Six Dangerous Computer Virus In History

6 Dangerous Computer Virus In History

ILOVEYOU

In the year 2000 on May 5th, millions of people around the world received the same exact email from someone they knew.

"Kindly check the attached LOVELETTER coming from me," read the email, which had "ILOVEYOU" as a subject.

The missive included an attachment that looked like a text file named "LOVE-LETTER-FOR-YOU."

The ILOVEYOU virus, distributed via email and file sharing, affected 50 Million systems and caused $15B in damages total, with $5.5B in damages being caused in the first week.
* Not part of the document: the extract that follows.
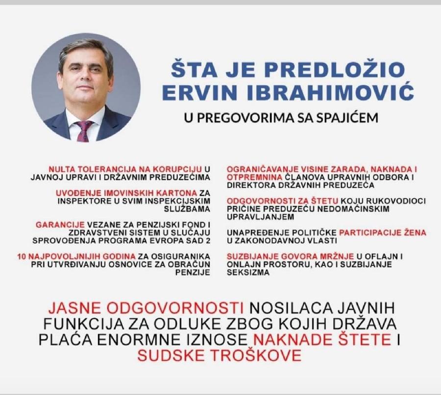 Predsjednik Bošnjačke stranke Ervin Ibrahimović zadovoljan je tokom konsultacija o formiranju vlade sa predstavnicima Pokreta Evropa sad. Poručio je da su principi PES-a prihvatljivi za BS i da su dobra podloga za temelje buduće vlade, kao dopuna njihovima.

This virus came to be known as the ILOVEYOU worm, or LOVEBUG. At the time, it was the biggest computer virus the world had ever seen, and the first successful use of social engineering.

MyDoom

It arrives as an e-mail attachment in a text file which sends itself out to other e-mail addresses if opened.

MyDoom, potentially commissioned by Russian e-mail spammers, was one of the fastest spreading worms. It's projected that this virus caused $38B in damages.

SoBig

SoBig was a worm and trojan that circulated through emails as viral spam. This piece of malware could copy files, email itself to others, and could damage computer software/hardware. This piece of malware caused $37B in damages and affected hundreds of thousands of PCs.

WannaCry

WannaCry was an extremely virulent ransomware crypto worm that also set up backdoors on systems. The attack affected 200,000+ computers across 150 countries, and caused the NHS $100M in damages with further totals accumulating close to $4B.

DarkTequila

A sophisticated and evasive piece of malware that targeted users mainly in Latin America, DarkTequila stole bank credentials and corporate data even while offline. DarkTequila cost millions in damages across many users.

BlackEnergy

BlackEnergy 2 uses sophisticated rootkit/process-injection techniques, robust encryption, and a modular architecture known as a "dropper". BlackEnergy was used in a cyber attack that prompted a large-scale blackout in Ukraine in December 2015.


One anonymous buyer brought a laptop filled with these computer viruses for 1.6 million US dollars. A 10.2-inch Samsung NC10-14GB were chosen for the magnitude of economic damage they’ve caused. And It’s perfectly safe — as long as you don’t connect to your Wi-Fi or plug in a USB.